The words “Lady Chatterley” conjure up a long-ago scandal involving censorship and sex. To a later generation, undoubtedly, they conjure up soft-core movies on cable TV.
With or without clothing-challenged Sylvia Kristel, movie adaptations of the once-notorious D.H. Lawrence novel have been frequent. A new French film, the winner of five Cesar awards (that’s France’s version of the Oscars), sets a new standard for the material. This is a revelatory version, somehow both blunt and tender, that wipes away any hint of Euro-trash porn.
Director Pascale Ferran based her adaptation on the second of three versions of the novel written by Lawrence (most movie versions have used the third). The film is nearly three hours long and unfolds in slow, non-salacious, thoughtful scenes.
This very British story is here rendered in French – which takes some getting used to. But if Hollywood can make movies with Roman gladiators speaking English, why not?
The basic outline of the story is the same: After World War I, Lady Constance Chatterley finds herself isolated in her husband’s country estate. He has been paralyzed during the war, and their physical (and emotional) relationship is over.
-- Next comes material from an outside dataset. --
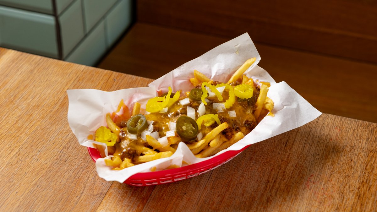 Hranolky, hovězí chili s fazolemi, rozpečený cheddar, cibule, jalapeño, banana papričky

And so she takes up with the gamekeeper, Oliver Parkin, a quiet and uneducated man who lives in the natural world. Lawrence emphasized the sexual component of the awakening between Lady and gamekeeper, and Ferran isn’t about to back off from that. The sexual encounters between the two grow more intimate as the film goes on.
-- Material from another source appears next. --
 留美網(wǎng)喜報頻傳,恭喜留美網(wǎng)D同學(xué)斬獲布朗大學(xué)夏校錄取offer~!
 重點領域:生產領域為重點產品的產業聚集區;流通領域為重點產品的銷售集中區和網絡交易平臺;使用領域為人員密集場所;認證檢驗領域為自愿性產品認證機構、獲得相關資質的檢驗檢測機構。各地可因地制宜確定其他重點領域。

The first interesting thing about this movie is that the actors who play Lady Chatterley and Parkin, Marina Hands and Jean-Louis Coulloc’h, are not conventional casting. Hands looks slightly plain and clumsy at first, and Coulloc’h more closely resembles the burly Irish actor Brendan Gleeson than a hunky male model.
And yet as the film rolls on, they seem absolutely right. Ferran’s movie is not a handsome period piece with overstuffed pillows – the TV-movie treatment of a literary classic. Rather, it looks as though it had been caught on the run, casually photographed in real locations as it was actually happening.
It’s exquisitely made, though. The soundtrack alone, sometimes filled with birdsong or the sound of falling snow, is a beauty.
Lots of the movie plays without dialogue, as though Ferran had noticed, unlike many moviemakers, that quite a bit of life goes by without anybody saying anything.
“Lady Chatterley” is a genuinely unusual picture. It feels like something made with absolute honesty – and honesty is perhaps what Lawrence’s story is really about, rather than sex.